Monday, July 11, 2011

Week 10 Lab 2 Exercise 2

1. What is ease-in ease-out in reference to animation?

Ease-in ease-out refers to the proximity of the distance traveled by an object between each frame. Ease-in normally refers to when the distance traveled by an object slowly decreases while ease-out is the opposite: it increases. In terms of reality, this is mainly caused by gravity pull, although the cause may vary (Exhaustion, acceleration, deceleration, etc.) In the basic bouncing ball animation, ease-in ease-out occurs when the ball bounces off the ground and due to gravity pull, slows down mid air and decelerates before going back down at an accelerating speed.

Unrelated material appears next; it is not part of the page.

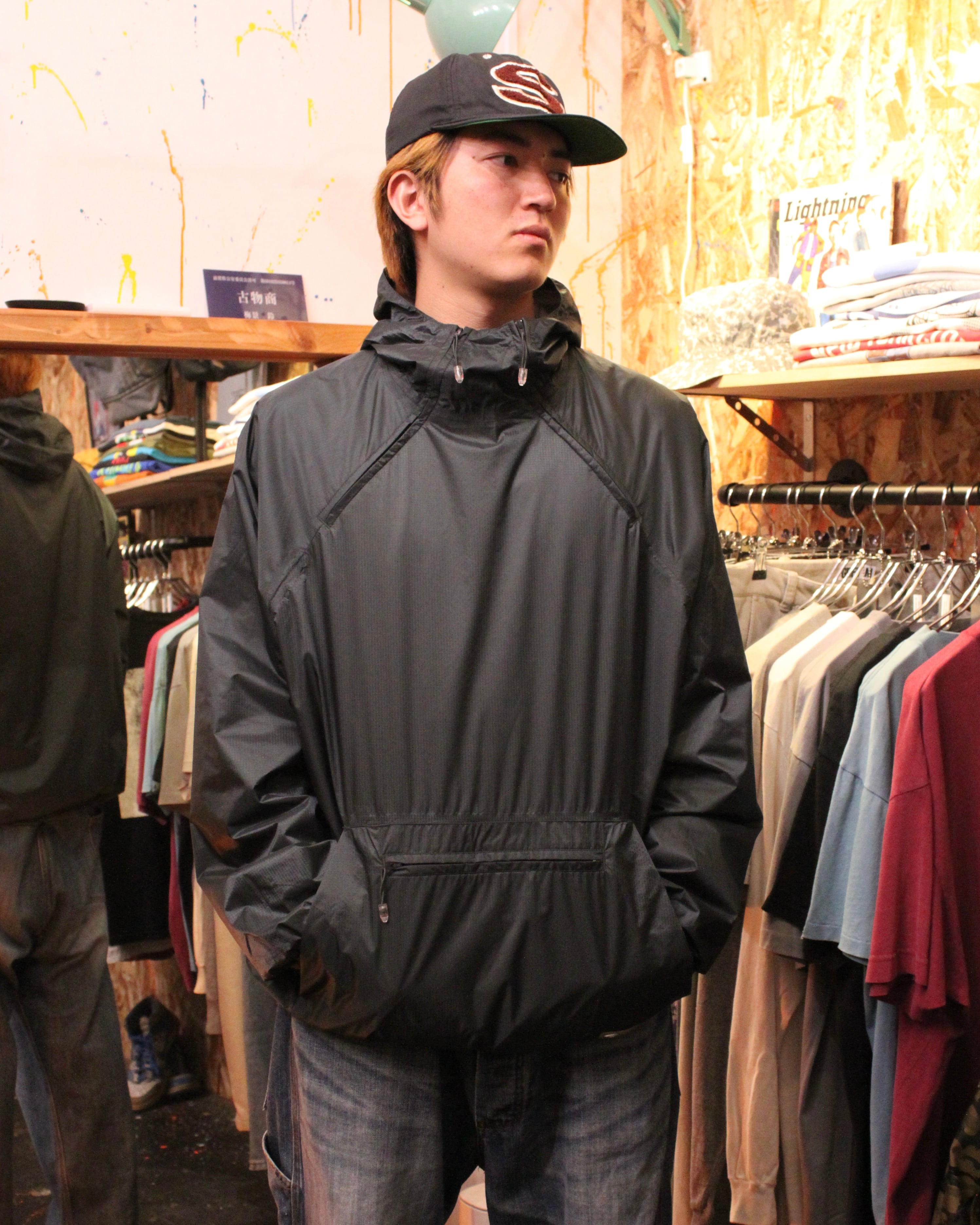 プルーオーバーのアノラックのようなディティールでハンドポケット部分など各ポケットにもそれぞれジップが付いており、ドローコードや各パーツの破損も見られません

2. What does frame-per-second mean?

Frame-per-second, abbreviated as fps, is the number of frames (images, pictures etc.) viewed on the screen every second. This method is used in videos. Normally, 24 fps is the average fps used by most videos and the human eyes can only detect individual frames as no more than 25 fps. Regardless, at higher fps (normally 60 fps) produces very smooth videos.

3. The spacing of the ticks in the animation chart is for an object bouncing with linear speed over 12 frames - draw a similar chart, but with ease-in and ease-out.






As the ball moves up, it decelerates due to gravity pull. At frame 4, it begins to ease-in, peaking at frame 6. After frame 6, it begins to fall down and accelerate, easing-out till frame 12.